- Born: May 6, 1948 (age 78) New York City, New York, U.S.
- Occupation: Actor
- Years active: 1970–present
- Spouses: ; Francesca Draper ​ ​(m. 1978; died 1986)​ ; Christine Healy ​(m. 1991)​
- Children: 4

= Paul Linke =

American actor (born 1948)

Paul Linke (born May 6, 1948) is an American actor, known for his role as Officer Arthur "Artie" Grossman in the television series CHiPs. Linke has worked in film and extensively in television, mostly portraying mild-mannered everyman roles.

==Career==
Linke was born in New York, New York, the son of Richard O. Linke, a personal manager, producer, and partner of Andy Griffith. After roles in films such as The Baby Maker (1970), Big Bad Mama (1974), The Strongest Man in the World (1975) and Moving Violation (1976), Linke appeared in the 1977 movie Grand Theft Auto. During the timeframe of his character on the television series CHiPs, Linke played a similar role as Sheriff Bruce Smith in the slasher film parody Motel Hell (1980). He also appeared in another Ron Howard-directed movie, the film Parenthood (1989). His other film credits have included roles in Space Rage (1985), LAFD Battalion Chief Powers in Fire, Trapped on the 37th Floor (1991), Shrunken Heads (1994) and K-PAX (2001).

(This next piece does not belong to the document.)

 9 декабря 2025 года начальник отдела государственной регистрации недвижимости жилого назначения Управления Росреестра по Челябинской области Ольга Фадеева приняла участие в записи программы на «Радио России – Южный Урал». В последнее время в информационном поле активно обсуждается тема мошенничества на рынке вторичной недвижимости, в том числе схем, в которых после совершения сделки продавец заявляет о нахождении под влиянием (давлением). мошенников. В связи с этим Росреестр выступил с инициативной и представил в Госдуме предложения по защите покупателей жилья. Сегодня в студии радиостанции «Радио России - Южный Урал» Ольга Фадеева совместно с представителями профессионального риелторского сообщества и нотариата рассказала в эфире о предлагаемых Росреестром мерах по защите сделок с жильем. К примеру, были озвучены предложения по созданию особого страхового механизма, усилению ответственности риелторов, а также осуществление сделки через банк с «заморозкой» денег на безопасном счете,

His career has included appearances on many television series, including The Waltons, Laverne & Shirley, Happy Days, M*A*S*H, Knots Landing, St. Elsewhere, Quantum Leap and Lois & Clark: The New Adventures of Superman.

He appeared in a 1985 episode of Three's a Crowd, a short-lived television sitcom spinoff of Three's Company starring John Ritter. Three years later, Linke would work with Ritter again when he joined the cast of Hooperman, the ABC dramedy series that Ritter subsequently headlined. In 2003, Linke spoke at Ritter's memorial service.

In 2000 Linke co-wrote and directed the stage play "Save it for the Stage: The Life of Reilly" with actor Charles Nelson Reilly, which was later made into the 2006 film "The Life of Reilly".

Linke also appeared in the 2016 family-drama film An American Girl Story - Maryellen 1955: Extraordinary Christmas, playing the role of Maryellen Larkin's grandfather.

==Personal life==
Linke met his first wife, Francesca "Chex" Draper, a musician and composer, at a party in Los Angeles in 1976. They married in 1978 and had three children together, Jasper, Ryan and Rose. When his wife died of cancer in 1986, Linke channeled his grief into writing and performing a play called Time Flies When You're Alive. First presented as a one-man show in Los Angeles and HBO drama, the work was then developed into the book Time Flies When You're Alive: A Real-Life Love Story. In 2016, he did a follow-up one-man show It's Time, continuing with the theme of tragedy, death and coping.

Linke later married Christine Healy in 1991. They have one child together, a daughter named Lily.